The research results are shown in Figure 5. In addition, in the result of FIG. 5, the same code|symbol is attached|subjected to the same result as the examination result of FIG. 3, and description is abbreviate|omitted.

It can be seen from Fig. 5 that, similar to the utility model 2, in the utility model 3, the lighting can continue to be turned on after 2000 hours of lighting. From this, it can be seen that in the discharge lamp 1, it is preferable that the holding member 50 is configured to contain metal.

As described above, according to the present invention, by providing the insulator 54 between the external wiring 40 and the holding member 50, similar to the case where there is a gap 52 between the external wiring 40 and the holding member 50, it is also possible to suppress the gap between the external wiring 40 and the holding member 50. A short circuit occurs between the wire 40 and the holding member 50 .

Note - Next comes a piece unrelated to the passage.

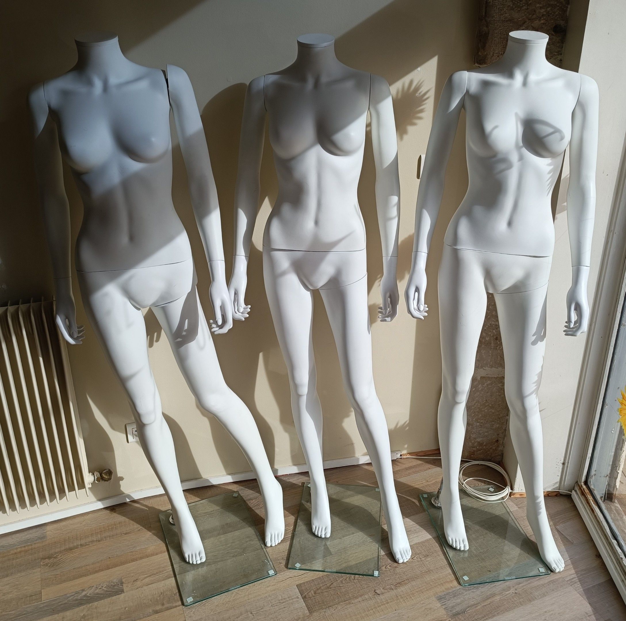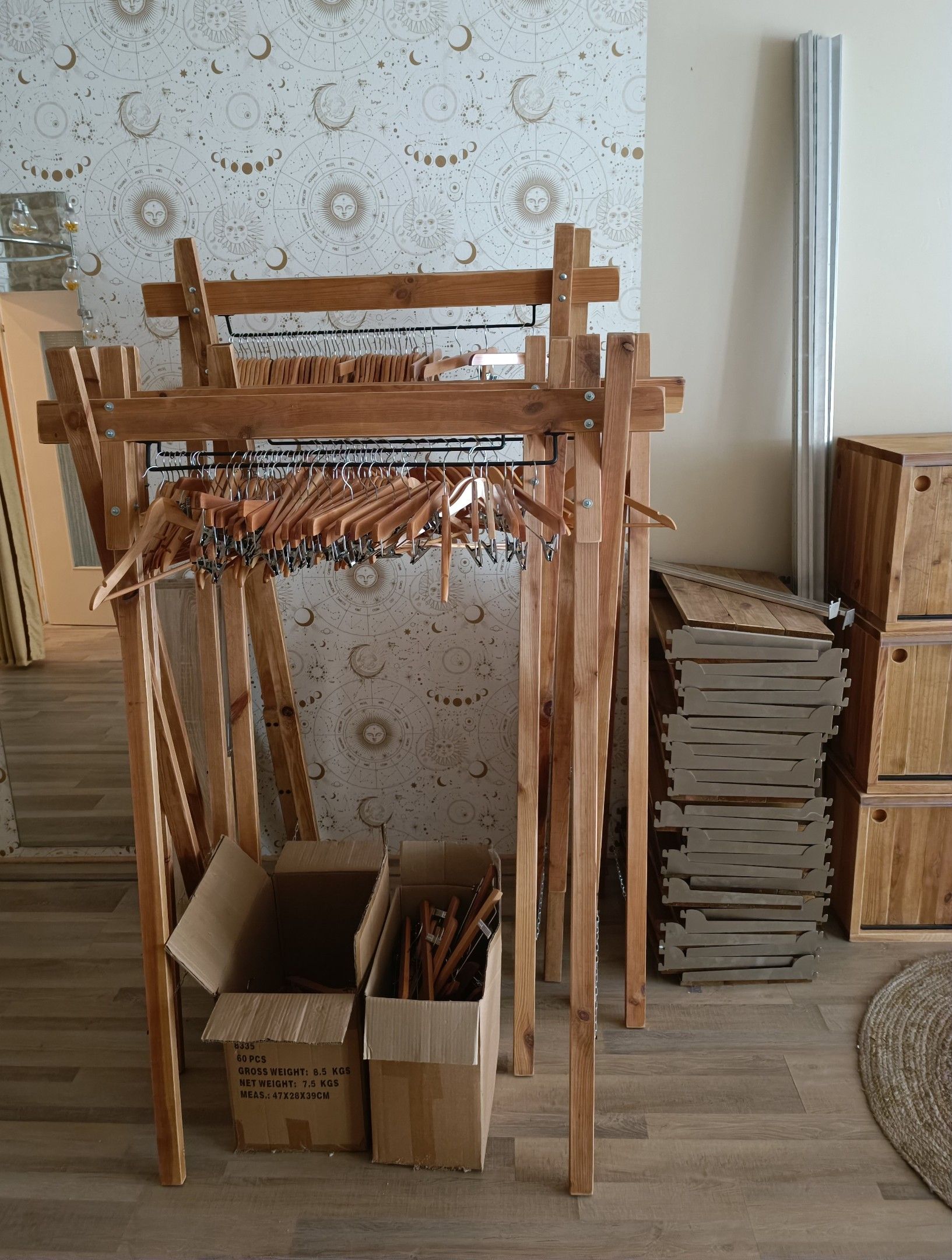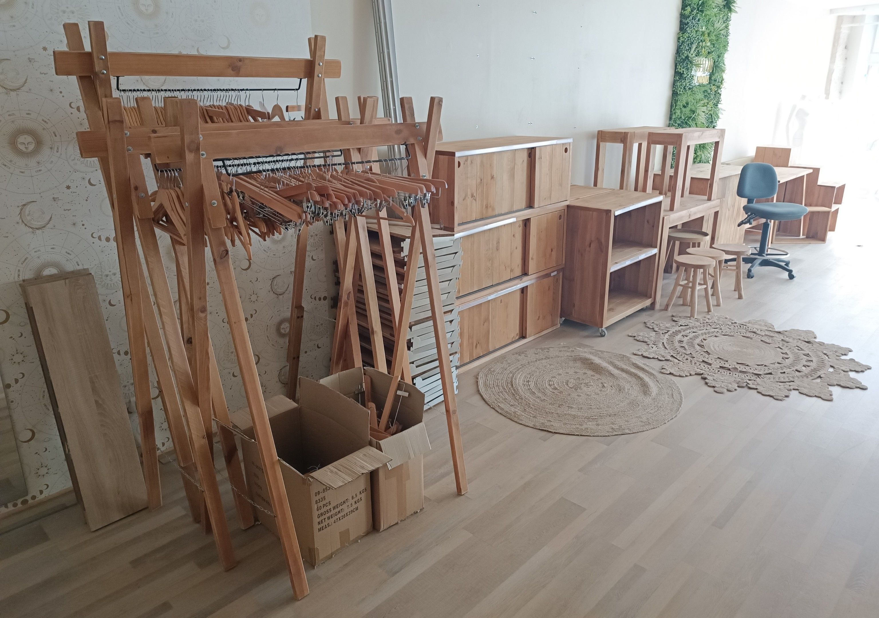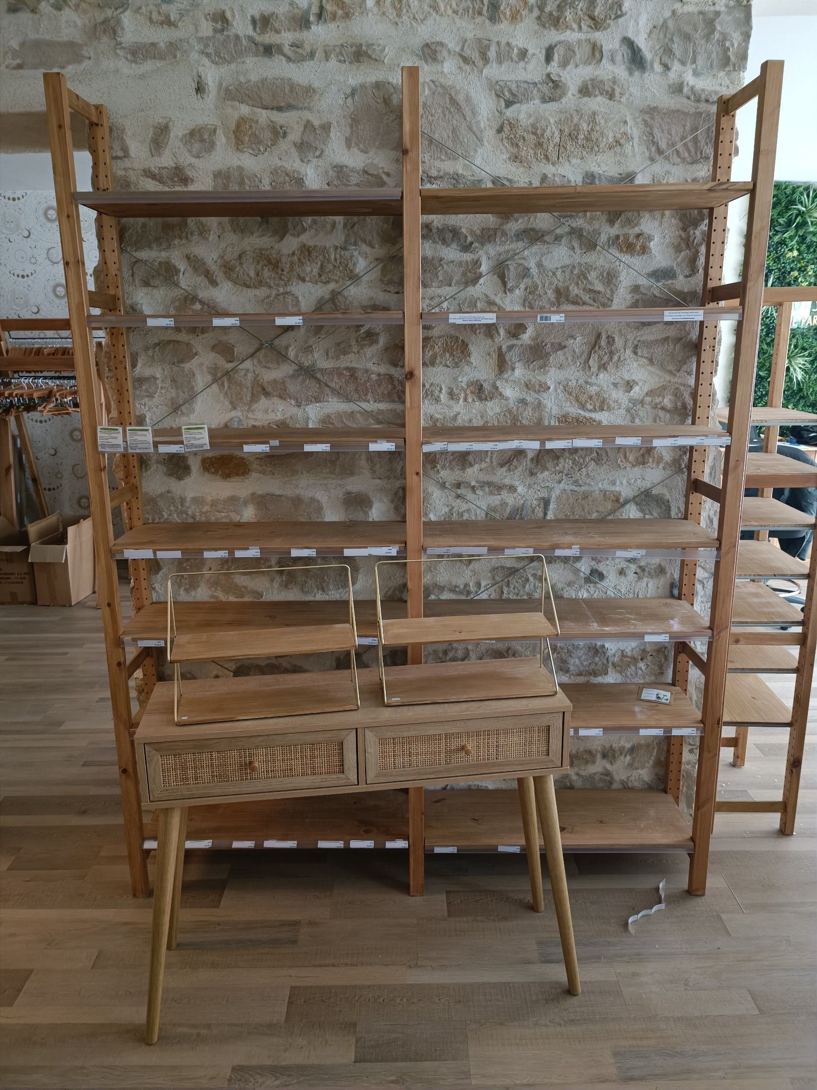 Wooden shop fittings: Counter: 90x118x59 - Table: 78x119x70 - 2 Tables: 75x119x39 - 2 Tables: 60x79x29 - 3 Sideboards with 3 sliding doors: 46x119x45 - 2 Base units on castors: 92x79x39 - 2 Display columns: 100x39x39 and 80x32x32 - 2 Shelves: 227x175x30 and 179x49x30 - Reel: 86x0133 - Shelving on racks: aluminium bars: 6 single and 3 double h=240 and 26 trays: 60x35 - 4 Clothes racks: 1X 192x120x62 and 3X 167x120x60 with set of hangers - Console with 2 drawers: 81x100x29 - 3 Stools - 3 Daisies - 3 Women's mannequins - 2 Rods and curtains - 2 Mats - Office chair

In addition, according to the present invention, by providing the insulator 54 on the surface of the holding member 50 holding the external wiring 40 that faces the external wiring 40 , it is possible to more reliably suppress the occurrence of an insulator between the external wiring 40 and the holding member 50 . short circuit.

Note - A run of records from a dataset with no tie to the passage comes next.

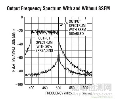 SSFM 不允許發(fā)射能量在任何接收器的頻帶中停留過長時(shí)間,從而改善了EMI。有效SSFM的關(guān)鍵決定因素是頻率擴(kuò)展量和調(diào)制速率。對于開關(guān)穩(wěn)壓器應(yīng)用來說,典型擴(kuò)展量為 ±10%,最佳調(diào)制速率取決于調(diào)制方式。SSFM 可采用各種頻率擴(kuò)展方法,例如使用正弦波或三角波調(diào)制時(shí)鐘頻率。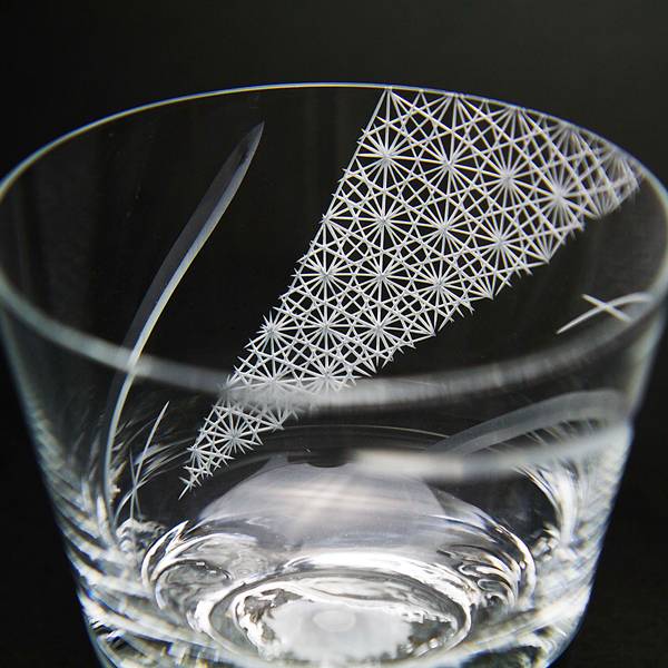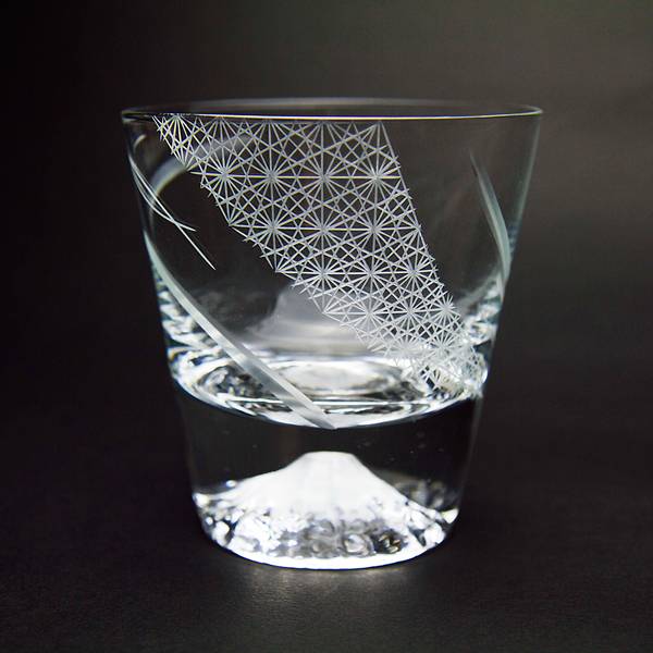 這款透明杯的特色為杯底的富士山、杯身的獨特花紋,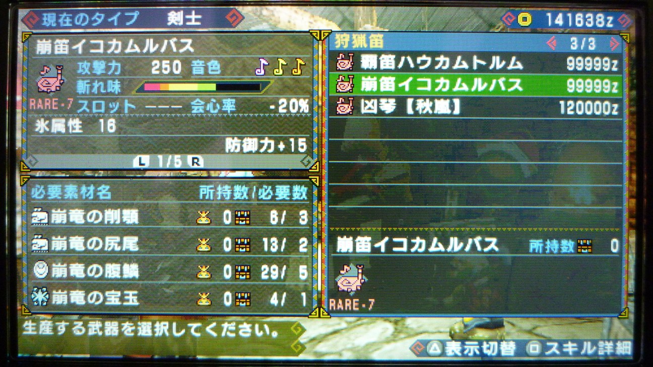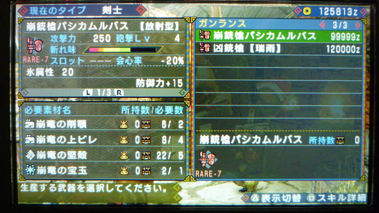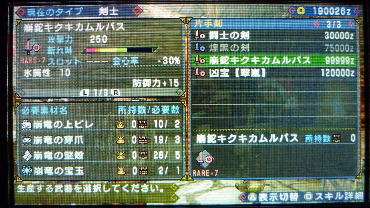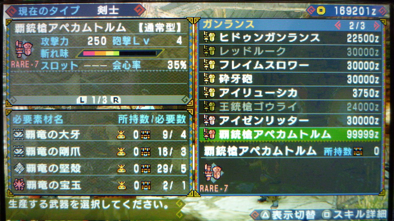 またこれで一発生産武器が作れるわけだが…お金がない…。

As mentioned above, although some embodiment of this invention was illustrated, these embodiment is only an illustration, and is not intended to limit the scope of the invention. These new embodiments can be implemented in other various forms, and various omissions, substitutions, and changes can be made without departing from the gist of the present invention. These embodiments and modifications thereof all belong to the scope or gist of the present invention, and are also included in the utility model described in the technical claims and the equivalent scope thereof.

Claims (6)

1. A discharge lamp, characterized in that, The discharge lamp emits ultraviolet rays, The discharge lamp has: A light emitting tube with electrodes at both ends; light pins for powering said electrodes; It is arranged outside the light-emitting tube, and one end is electrically connected to the light pin, and the other end is electrically connected to the external wiring of the electrode on the side opposite to the side where the light pin is arranged; A holding member is provided outside the arc tube and holds the external wiring. 2. Discharge lamp as claimed in claim 1, characterized in that, The holding member contains metal. 3. Discharge lamp as claimed in claim 1 or 2, characterized in that There is a gap between the external wiring and the holding member. 4. Discharge lamp as claimed in claim 1 or 2, characterized in that An insulator is provided between the external wiring and the holding member. 5. Discharge lamp as claimed in claim 4, characterized in that, The insulator is provided on a surface of the holding member that holds the external wiring that faces the external wiring. 6. An ultraviolet irradiation device, characterized in that, The discharge lamp according to any one of claims 1 to 5 is mounted.